Doesn't matter the parrot, it jus takes time, commitment and not giving up!

That said, a bite off a Meyers might make you curse a bit but is definitely preferable to that of a large amazons! The amazon lunged and bit my cheek when I passed her cage too close and I have a lovely scar! The Meyers often bites me but it rarely bruises!


----------



## Twiglet (May 6, 2009)

How have I managed to miss this!!
I have a much loved Meyers called Twiglet who has been with me since she was (too) young. I have had her for coming up 14 years. 
She is easy going, reasonably quiet most of the time, not especially demanding and I can do literally anything with her. 
But from speaking ti the few other meyers owners i have ever met, this isn't that nornal for them.
She is funny with strangers as you would expect and occassionally will take instant dislikes to people for not obvious reason.
I couldnt ask for a parrot that is less hassle. This didnt come easy though and I'd be lying if I said she has never made me want to throttle her. 
In fact I regularly used to threaten to put her in a pie...

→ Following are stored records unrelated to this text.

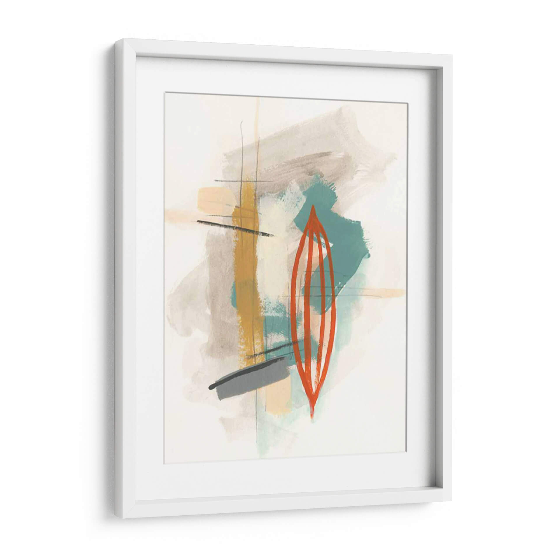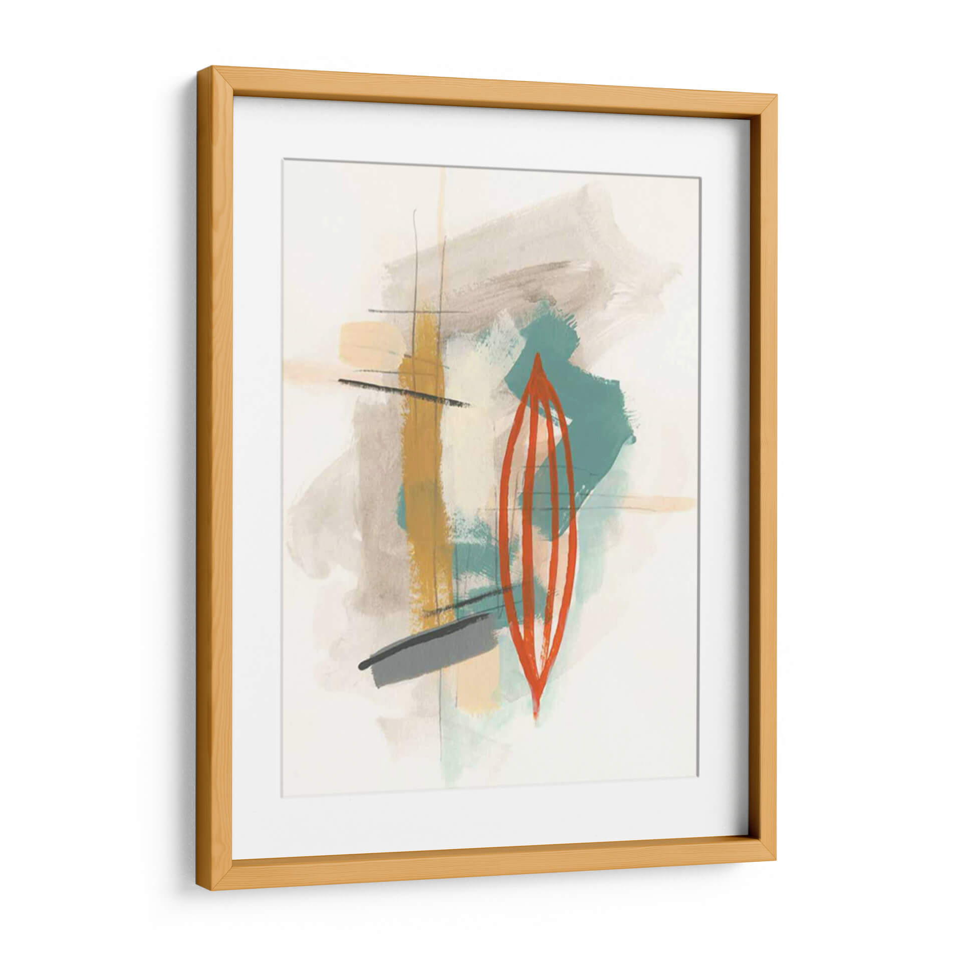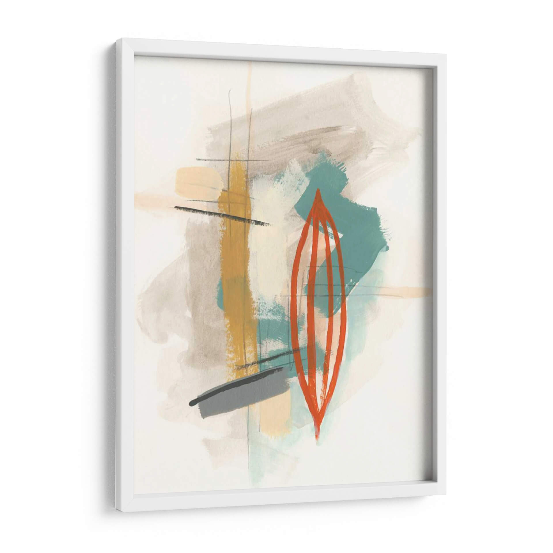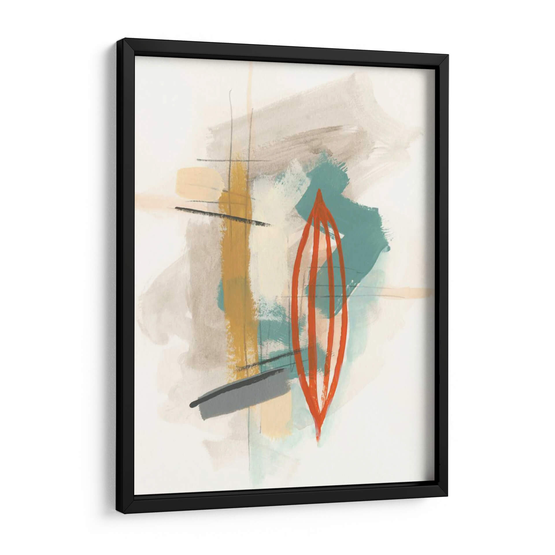 Sumérgete en la cautivadora obra abstracta "Elementos I" de June Erica Vess, una pieza que redefine la expresión contemporánea a través de un juego de texturas y formas orgánicas. Este cuadro decorativo presenta una paleta de colores terrosos y sutiles toques de verde azulado, contrastando con un audaz elemento central de color naranja vibrante, que evoca una sensación de energía contenida y dinamismo. Las pinceladas sueltas y gestuales, junto con finas líneas verticales y horizontales, crean una composición equilibrada que invita a la contemplación. "Elementos I" es ideal para añadir un toque de sofisticación moderna a cualquier espacio, ya sea una sala de estar, una oficina o un dormitorio, transformándolo en un lienzo de expresión artística. Su diseño abstracto permite una interpretación personal, convirtiéndose en un punto focal único que complementa estilos decorativos variados, desde el minimalista hasta el bohemio chic. Descubre la belleza de lo abstracto y eleva tu decoración con esta pieza inspiradora.
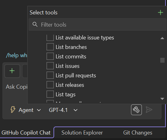- When Visual Studio successfully enables the server, the agent makes the tools available. The tools are disabled by default and you must manually enable them.
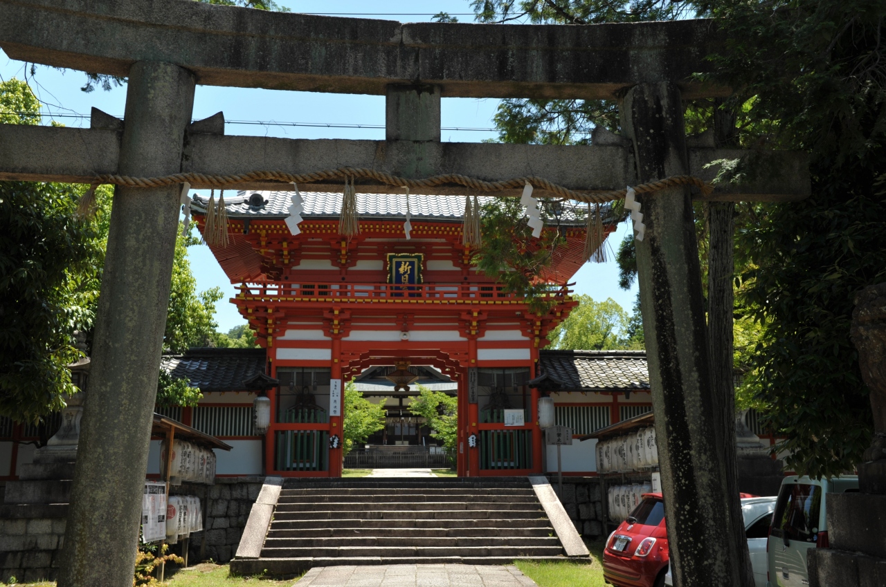 いずれも「ひえ」と読む日吉、日枝、比叡は同義だという。この神社は後白河法皇が院の御所を法住寺(三十三間堂横)に構えた際、鬼門を守る神社として比叡山から神様を勧請して創建したという。その後、菅原道真や豊臣秀吉、さらには火の用心の愛宕神までさまざまな神様が合祀されている。境内にはこうした摂社が数多く構えられ、御朱印も数種類ある。朱塗りの楼門が印象的だ。京都女子大学に向かう「女坂」の沿道にある。
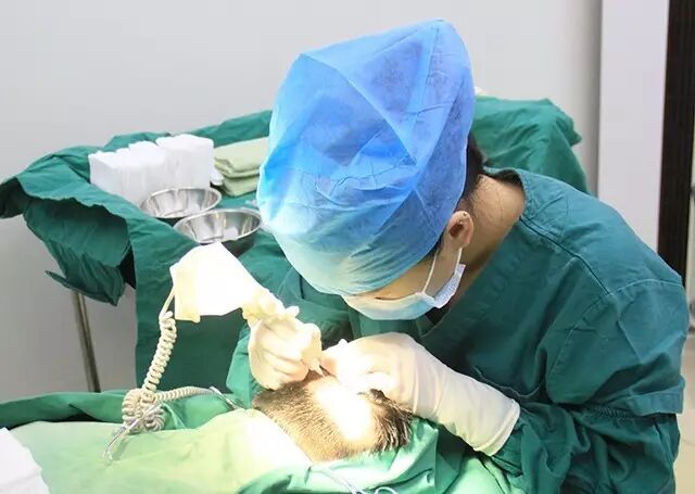 在需要移植的部位一定的密度均匀地将毛囊插入其中
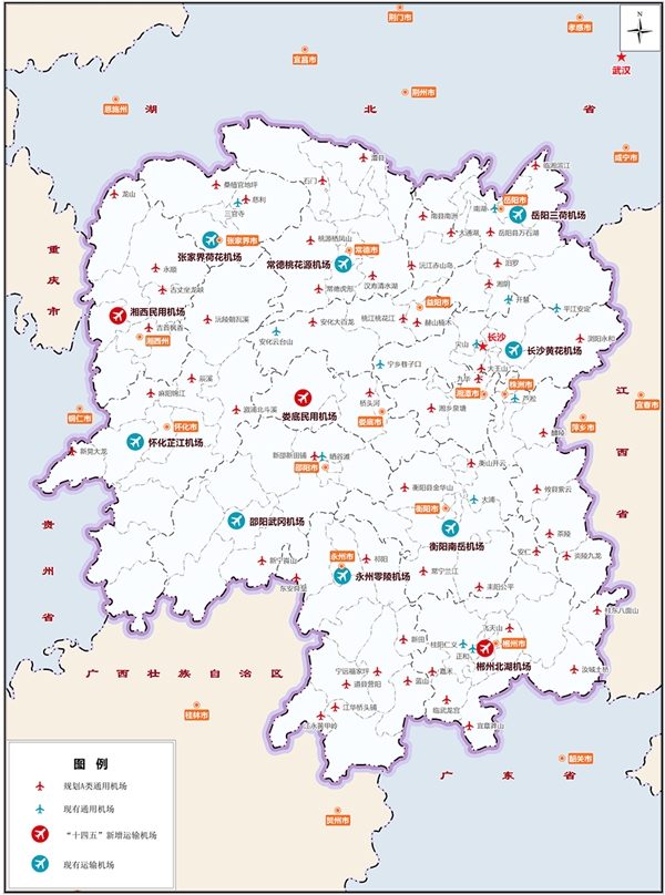 根据《湖南省通用机场布局规划(2021-2035年)》规划,到2035年,湖南将构建“1+13+N”通用机场网络格局,力争实现“县县有通用机场、乡乡有临时起降点”。
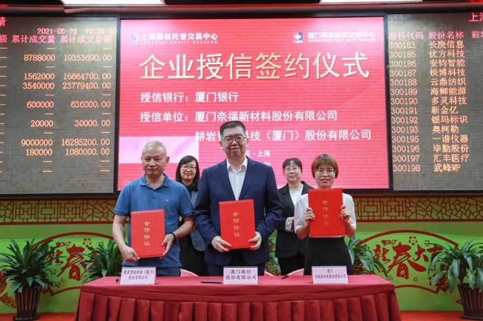 厦门银行在本次活动中为厦门奈福新材料股份有限公司及耕岩智能科技(厦门)股份有限公司进行台资企业授信。两家台资企业在获得银行机构的授信之后,将会加快成长的脚步,为下一阶段的发展增速。

The only real issue I have ever had with her is diet. She is very disinclined to try new things and will not always eat veg or fruit which she usual has done.
She has always been provided with a varied diet but if anytjing has got worse with age. 
She will always challenge me if I have been away for a week (a bloody rare occurance now!) just to see if she can get away with it. 
The nippy stage was kinda true with Twiglet. She spent a good year being a giant bell end and challenging me on EVERYTHING. She got over it though.

By and large, she is amazing.


----------